In comparing the performance of RMs other than RMA, two factors are of interest. One is the configuration of the transmission microphone. Figure 4 shows the data from RMC in omnidirectional and directional microphone configurations, with the directional microphone providing better objective scores. The second is the analog vs. digital wireless communication strategy. RMB and RMC employ analog FM, while RMD employs digital wireless protocol. Figure 4 shows equivalent performance among these three devices across different environments, indicating that digital wireless protocols per se are not superior to legacy analog FM technologies.

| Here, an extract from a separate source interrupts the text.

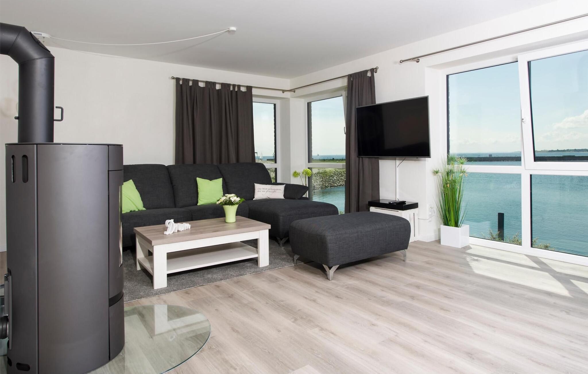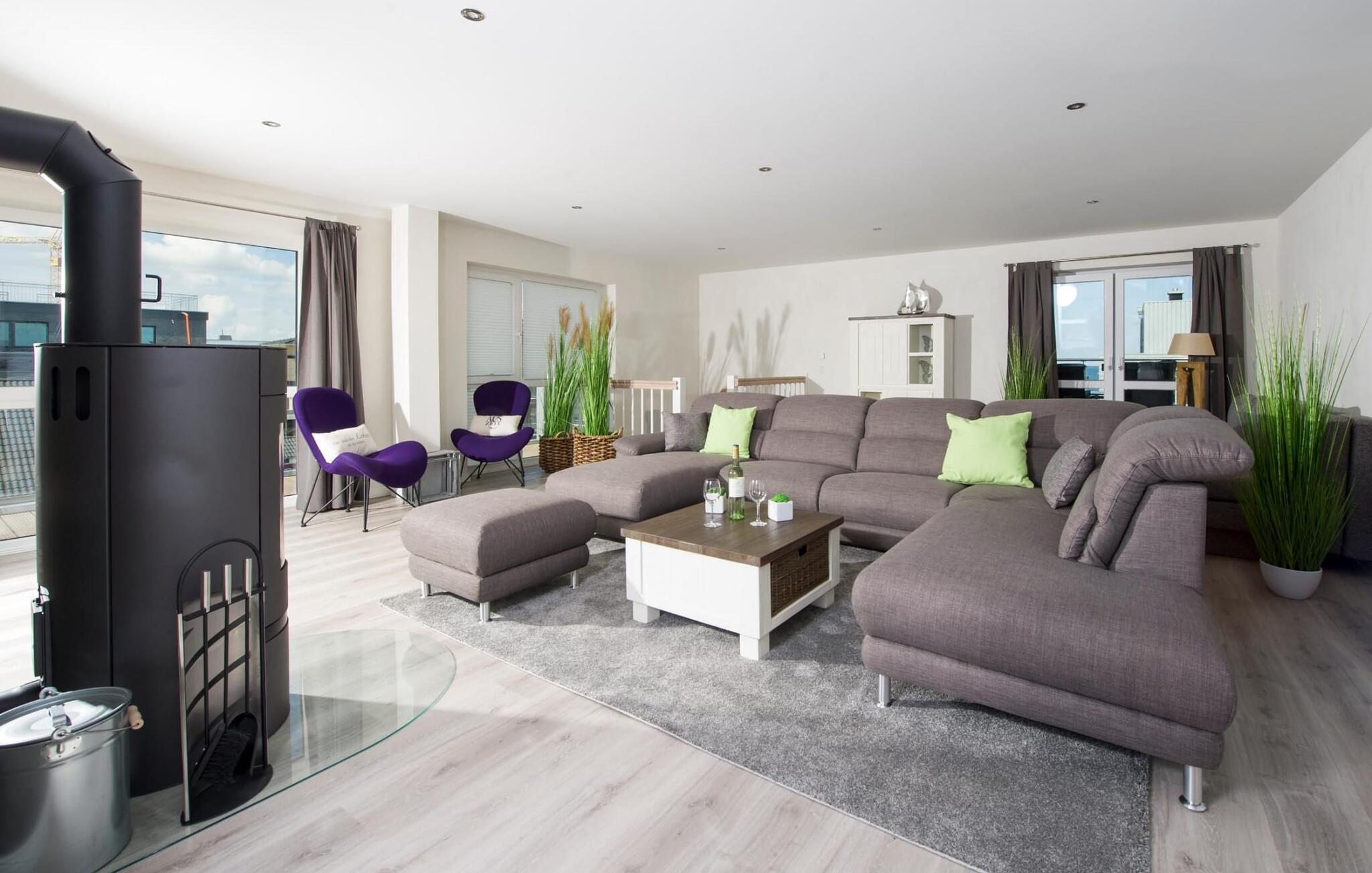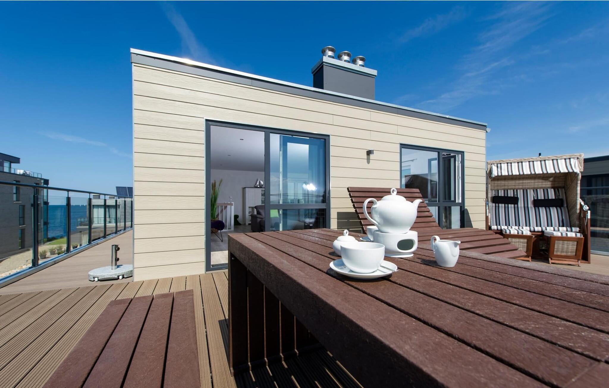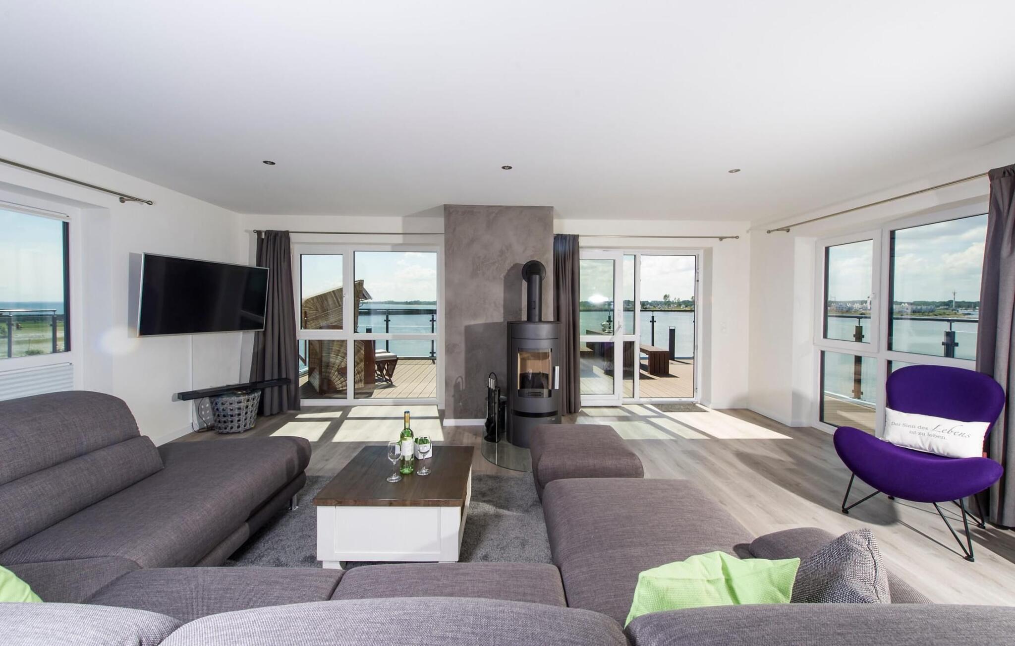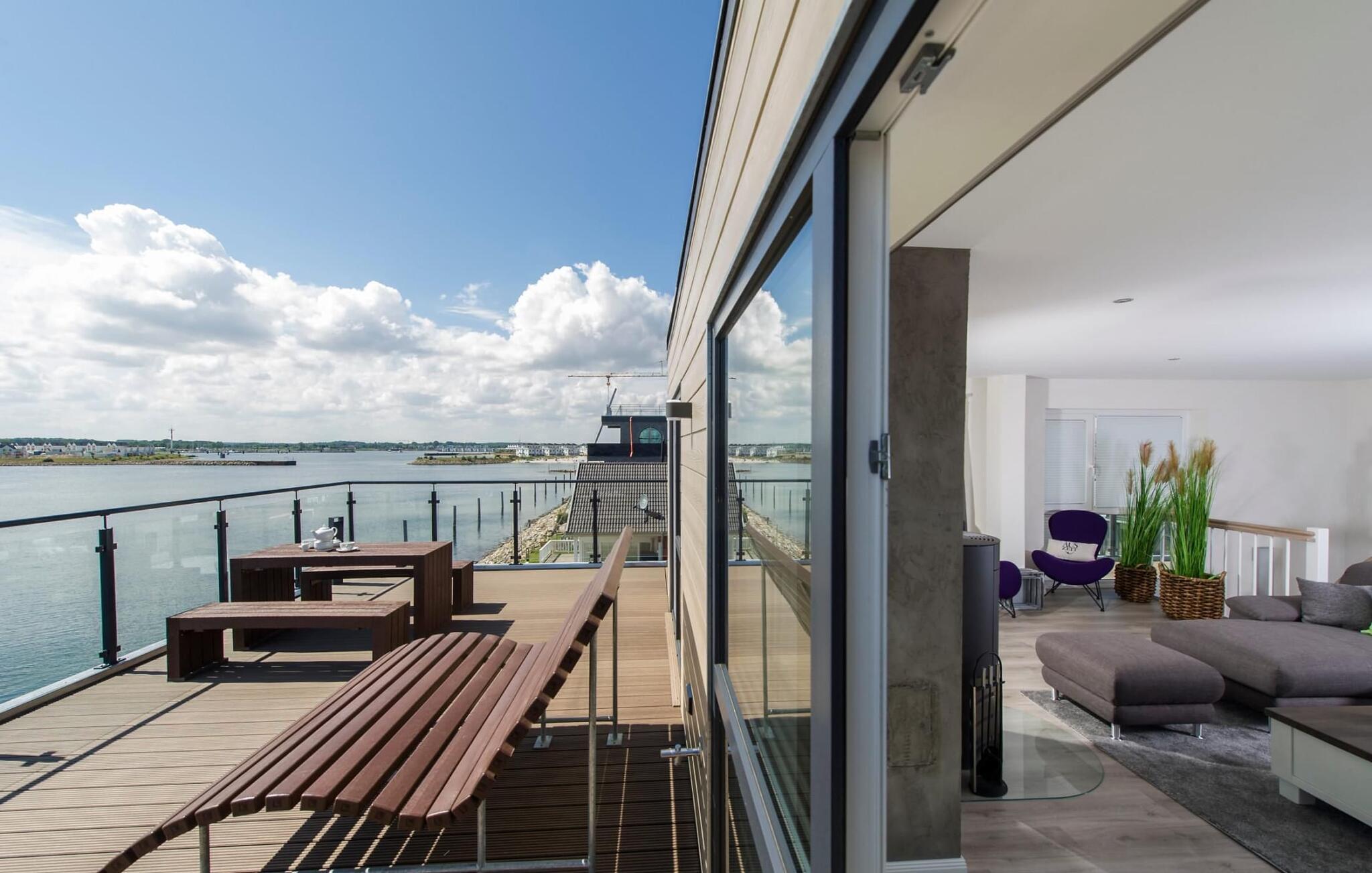 Drømmetid ved Østersøen. Denne moderne penthouse-ferielejlighed lever op til sit navn, da den udsatte beliggenhed, indretning af høj kvalitet og moderne indretning er lige så imponerende. Beliggende på den nordlige mole af Baltic Sea Resort Olpenitz, på et smalt næs midt i Østersøen, er denne særlige ferieejendom omgivet af vand. Ferielejligheden imponerer med en betagende udsigt over lystbådehavnen, slimmundingen og Østersøen, mens den forskudte etage med en stor solterrasse giver mulighed for at dvæle over havnebiografen og bølgerne. Udstyret med sauna, to pejse og badekar byder denne ferielejlighed på drømmetider i hver sæson. Indretningen af denne ferielejlighed er naturlig og klar og er bevidst enkel med naturlige materialer, klare former og dæmpede farver. Den rummelige og lyse stue/alrum er ferielejlighedens centrum og imponerer med gulv til loft-vinduer, et komfortabelt opholdsområde og et stort spisebord, alt sammen foran en unik vandkulisse. Det åbne køkken byder på alt, hvad en koks hjerte begærer af højkvalitets teknologi og udstyr. To soveværelser kan rumme op til fire voksne. Der er to ekstra sovepladser på den komfortable sovesofa på anden sal. Udover en bruser i gulvniveau byder hovedbadeværelset også på et personligt spa-program, da den store finske sauna sikrer wellness-øjeblikke. Et andet badeværelse byder på luksusen af et badekar. En trappe fører op til den forskudte etage, som giver ekstra opholdsrum. Gennem glasvinduet foran kan I nyde den betagende udsigt over den store terrasse på sejl- og sportsbådshavnen i ferieområdet, af Slien, dens udmunding i Østersøen og Schimmelünde fyrtårn. Penthouse-lejligheden inviterer jer til at blive hængende med et behageligt opholdsområde foran en knitrende pejs. Den store solterrasse, som omkranser tre sider, byder på alt, hvad jeres feriehjerte begærer, med heldagssol og en spektakulær udsigt over bølgerne, vidden og resortet. Der er to parkeringspladser til rådighed direkte foran huset. Vores favoritsted: Uanset om det er en varm sommeraften på terrassen eller en dyster novemberdag foran den knitrende pejs, er det forskudte gulv med en spektakulær udsigt vores højdepunkt i hver sæson. Traumzeit ferielejligheden ved Østersøen er en lejlighed på første og anden sal. Bemærk venligst: OstseeResort Olpenitz er meget populært, og der bygges fortsat i parken. Ikke desto mindre kan I se frem til en 5-stjernet standard og et førsteklasses ophold. Byggeaktiviteterne kommer ikke til at forstyrre jer på ferien, og derfor gives der ikke yderligere afslag i prisen.

Although the present study utilized two mannequins - one representing the talker and the other representing the listener - for collecting the RM recordings, similar electroacoustic benchmarking can be accomplished in standard HA test boxes, in addition to the AAA transparency verification and the standardized ANSI/ASA S3.47 tests. In order to further investigate this, another set of recordings were made when the transmitter’s microphone was placed 4 cm from the centre of mouth simulator. This 4 cm distance also simulates the condition in which a boom microphone is used as the transmitting microphone. HASPI and HASQI results extracted from the 4 cm RM recordings correlated highly with the values extracted from the 20 cm recording set (0.97 and 0.93 respectively). Most HA test boxes (such as Audioscan Verifit) are equipped with two loudspeakers within the test box enclosure - one for speech presentation and the other for noise presentation, This enables simulation of conditions similar to the environment #1 conditions explored in this study. Thus, the electroacoustic metrics investigated in this study can potentially be included in standard HA test boxes for further characterizing the RM performance.
The performance of four different RMs was benchmarked in different acoustic environments using electroacoustic measures that predict perceived speech intelligibility and quality by HI listeners. Results showed disparity in RM performance, and the RM that utilized an array microphone at the transmitter, a proprietary digital wireless communication protocol, and additional processing at the receiver, performed the best and was relatively more robust to increases in background noise level and reverberation. The electroacoustic measures explored in this study can supplement the AAA’s device transparency guideline and the quality control tests outlined in the ANSI/ASA 3.47 standard.